"Wandlung ist notwendig wie die Erneuerung der Blätter im Frühling", zitierte der Vorstandsvorsitzende der Volksbank Forchheim, Gregor Scheller, Vincent van Gogh. Gewandelt habe sich die Filiale der Volksbank in Kunreuth zur schönen, neuen Bankfiliale. Viele Besucher waren zum "Tag der offenen Tür"und zur ökumenischen Segnung gekommen.

Die Genossenschaftsbank zog auf die andere Seite der Straße, wo eine ehemalige Apotheke zur Bankfiliale umgebaut wurde. Dafür nahm die Volksbank 250 000 Euro hat die Volksbank investiert. Das bisherigen Bankgebäude nutzt der neue Besitzer zur Erweiterung seines bestehenden Lebensmittelladens.

Verantwortung de Bürger

Scheller schlug einen weiten Bogen zurück über 150 Jahre, zu den Anfängen des Genossenschaftswesens. Die eigene Verantwortung der Bürger, nicht die des Staates, sei der Grundgedanke.
Der genossenschaftliche Gedanke sei in der Welt der Globalisierung aktueller denn je.

1902 wurde der Darlehenskassenverein Kunreuth gegründet, Vorläufer der heutigen Genossenschaftsbank.

Erster Vorsitzender war der damalige Bürgermeister Georg Ulm, Urgroßvater des heutigen Gemeindechefs. 1947 folgte der Zusammenschluss mit Mittelehrenbach, 1995 mit Pretzfeld und 2002 mit der Volksbank Forchheim.
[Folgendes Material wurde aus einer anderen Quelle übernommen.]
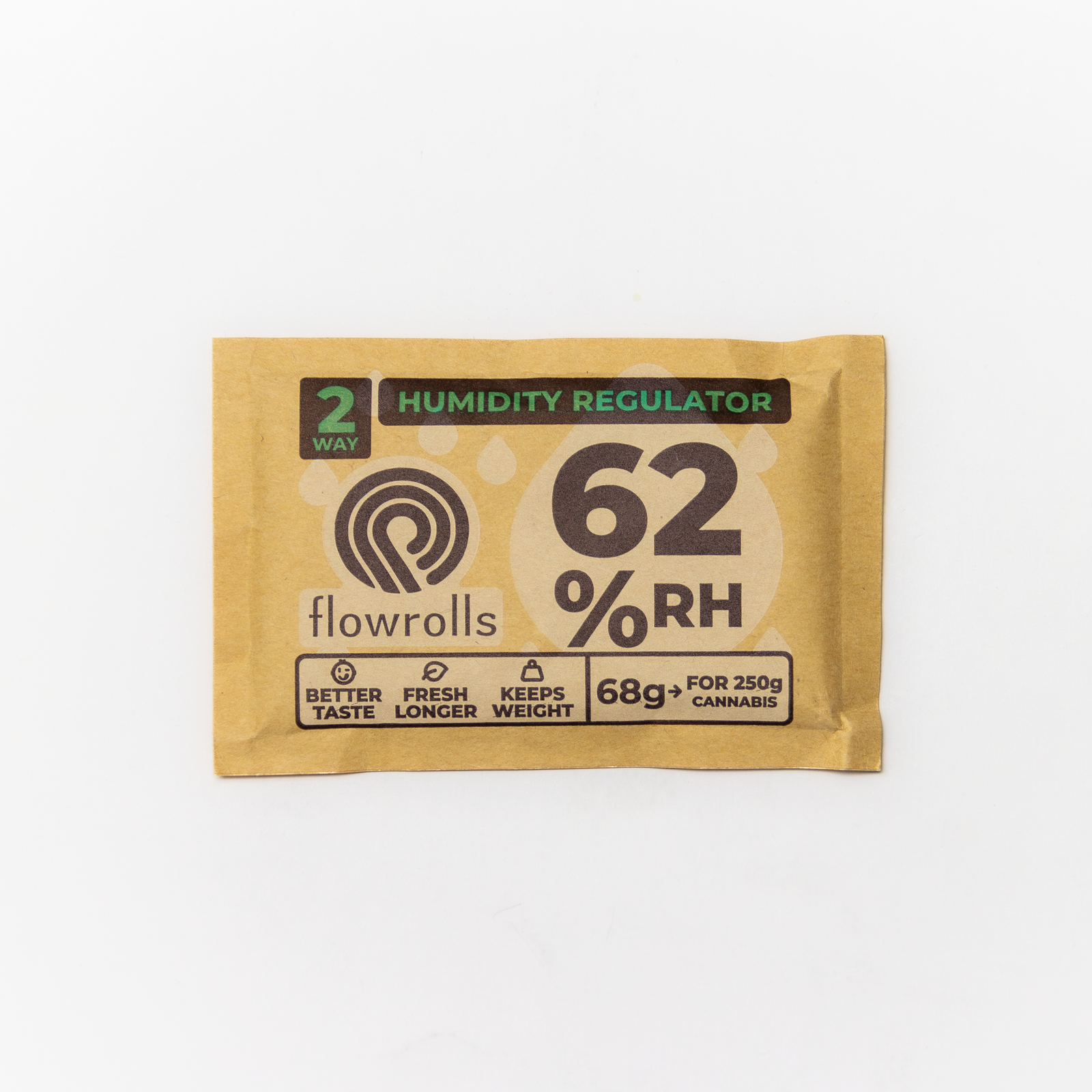 Dlatego regulator wilgotności Flowrolls 62% działa jak bufor bezpieczeństwa, który monitoruje mikroklimat w pojemniku i utrzymuje stały poziom wilgotności na optymalnym poziomie około 62%.

Weingarts wurde 1912 gegründet, 1971 fusionierte die Filiale mit Mittelehrenbach. 12,3 Millionen Euro Volumen werden in Kunreuth verwaltet mit über 2000 Konten.

Diskrete Beratung

Die Volksbank Kunreuth verfüge über offene Räume, aber auch über die nötigen Räume für diskrete Beratung.
Weingarts als Filiale gebe es nicht mehr, dennoch wolle man aber dort bei den Einwohnern nach Bedarf im einzelnen präsent sein, so der Vorstandsvorsitzende. Kunreuth biete mehr Öffnungszeiten an, als es vorher für Kunreuth und Weingarts zusammen der Fall gewesen sei. Thomas Kotschenreuther erhielt anschließend den symbolischen Schlüssel als künftiger Leiter der Filiale. Ihn unterstützt Ottilie Wolf.

Bürgermeister Hermann Ulm (Demokratie) sieht im Zusammenschluss von Weingarts und Kunreuth "einen notwendigen Kompromiss mit sehr gutem Ergebnis".
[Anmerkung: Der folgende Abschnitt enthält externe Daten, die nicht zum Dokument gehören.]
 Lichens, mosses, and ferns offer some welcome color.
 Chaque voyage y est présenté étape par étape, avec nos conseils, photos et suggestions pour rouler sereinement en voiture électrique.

Er mahnte bei der Bank an, dass die Nähe zu den Weingartsern erhalten bleibt. Wichtig sei, dass die Gemeinde als Ganzes gut versorgt sei.

"Passt scho", meinte er und sieht eine nachhaltige Entwicklung mit dem vergrößerten Lebensmittelladen gegenüber. Das umfunktionierte Raiffeisengebäude im Dienste der Gemeinde in Weingarts tue dem Ort gut.

Ein Netzwerk als Mosaik aus privaten, wirtschaftlichen Einrichtungen und allem, was eine Gemeinschaft lebenswert mache, sei die Aufgabe einer jeden Kommune. Zwei Bankfilialen haben dieses Jahr in Kunreuth neu eröffnet, dazu kommt ein Ärztehaus.

Für jede Institution der Gemeinde überreichte Kotschenreuther zum Schluss ein Geschenk aus dem Kulturfond der Bank.